Please copy, exactly as written, the span from the first line below to the line that contains "支付宝,认证教师资格后,搜索", including both, and skip the pictures.

▶ **Information provided**:
= = = =
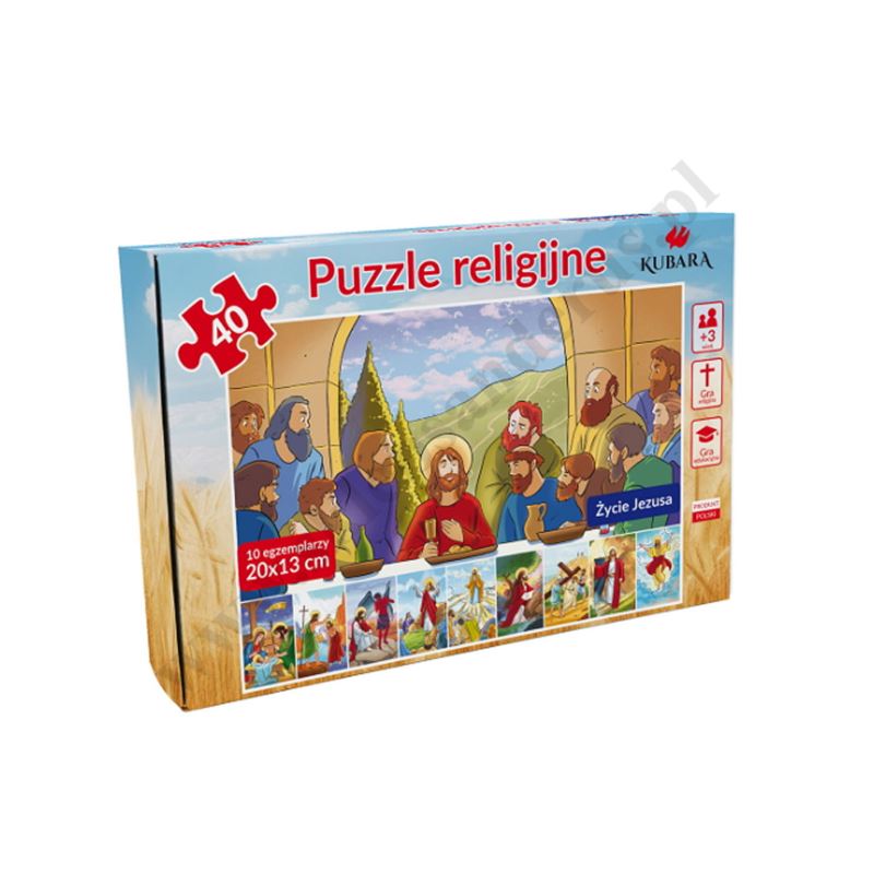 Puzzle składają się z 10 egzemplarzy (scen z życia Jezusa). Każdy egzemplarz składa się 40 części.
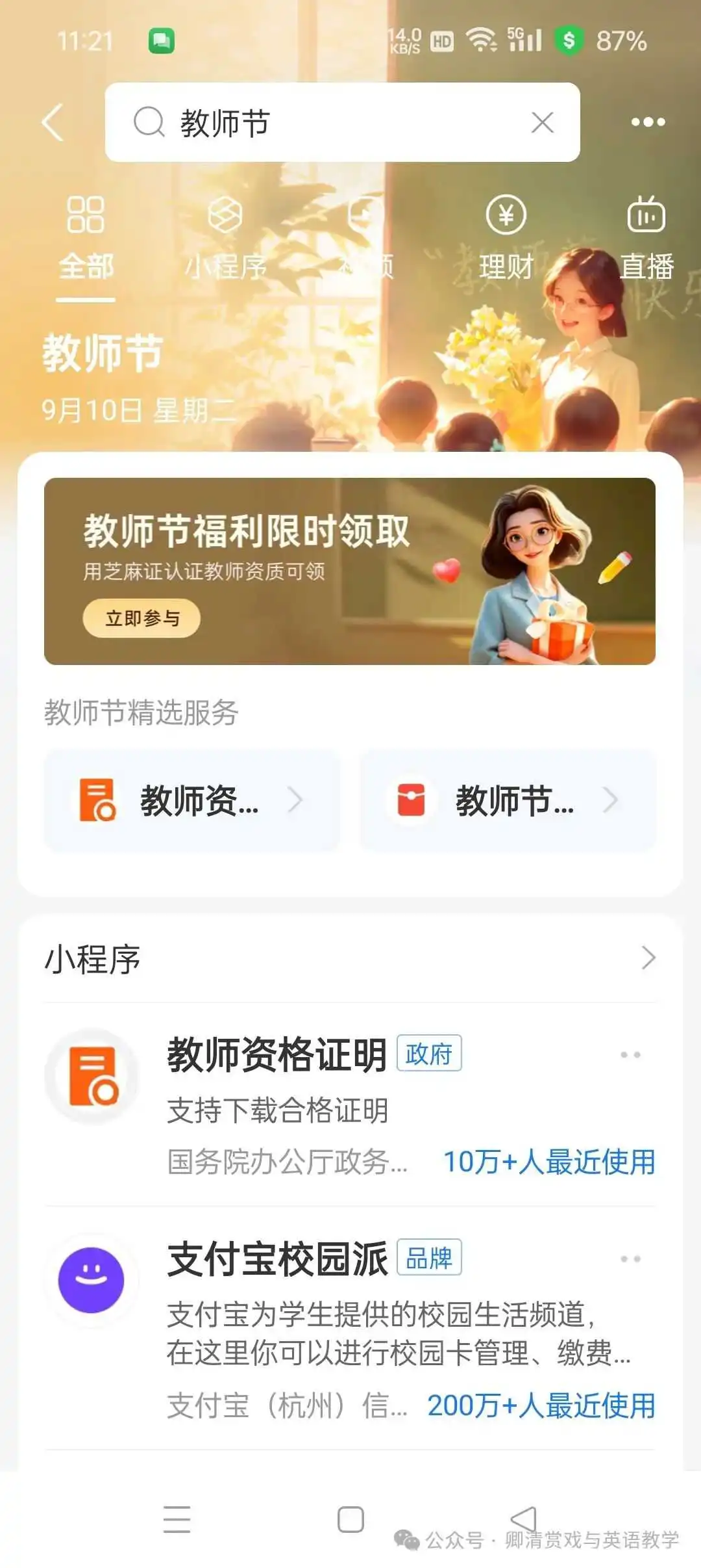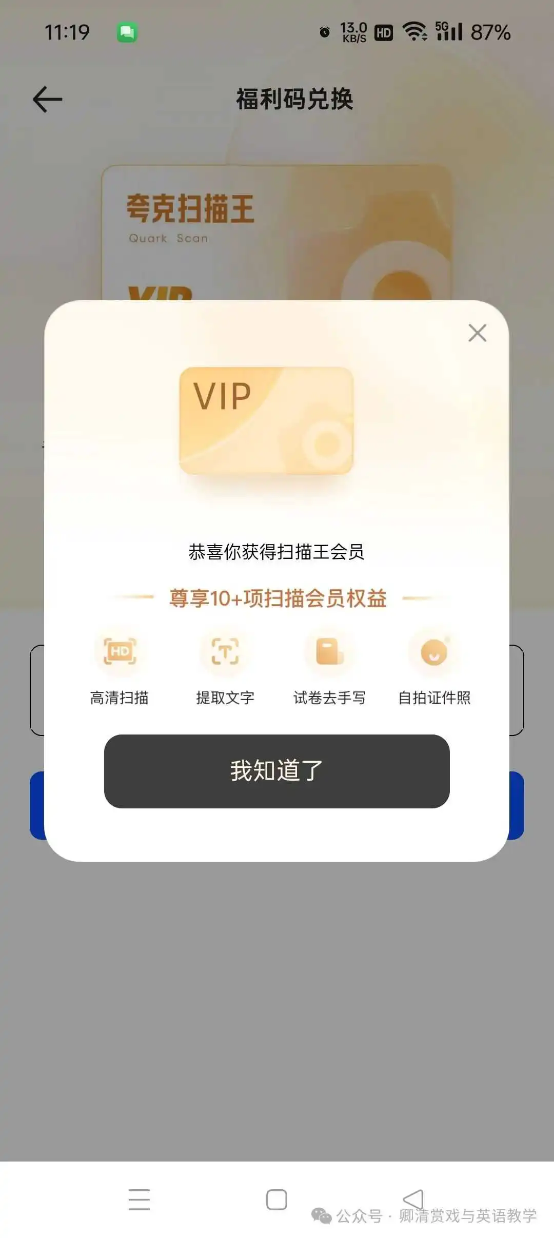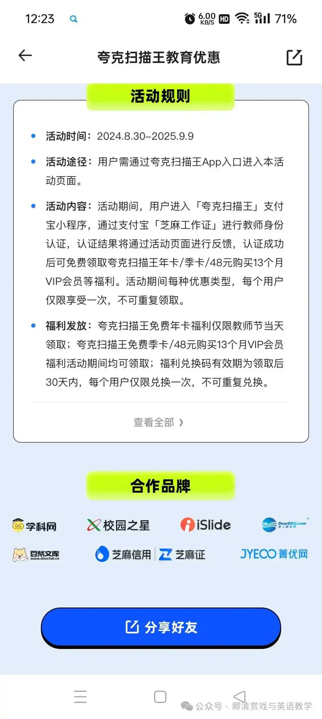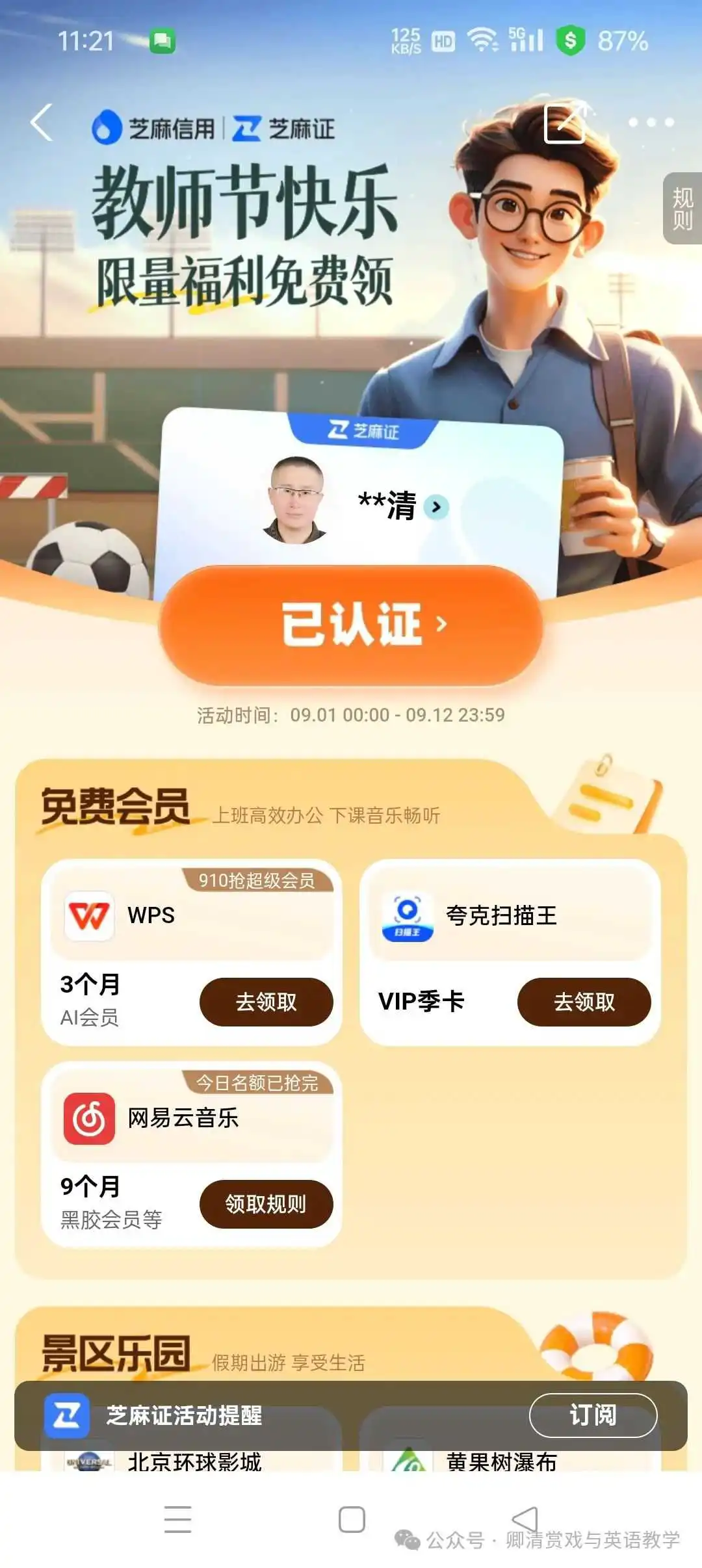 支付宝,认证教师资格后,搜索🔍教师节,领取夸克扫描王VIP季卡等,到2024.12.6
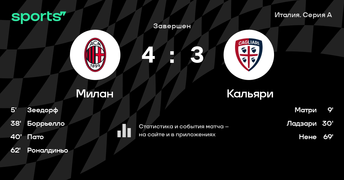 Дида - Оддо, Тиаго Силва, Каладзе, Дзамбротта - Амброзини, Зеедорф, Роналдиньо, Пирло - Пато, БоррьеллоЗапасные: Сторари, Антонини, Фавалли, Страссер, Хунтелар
= = = =
▶ **Solution to this problem**:
 Puzzle składają się z 10 egzemplarzy (scen z życia Jezusa). Każdy egzemplarz składa się 40 części.
 支付宝,认证教师资格后,搜索🔍教师节,领取夸克扫描王VIP季卡等,到2024.12.6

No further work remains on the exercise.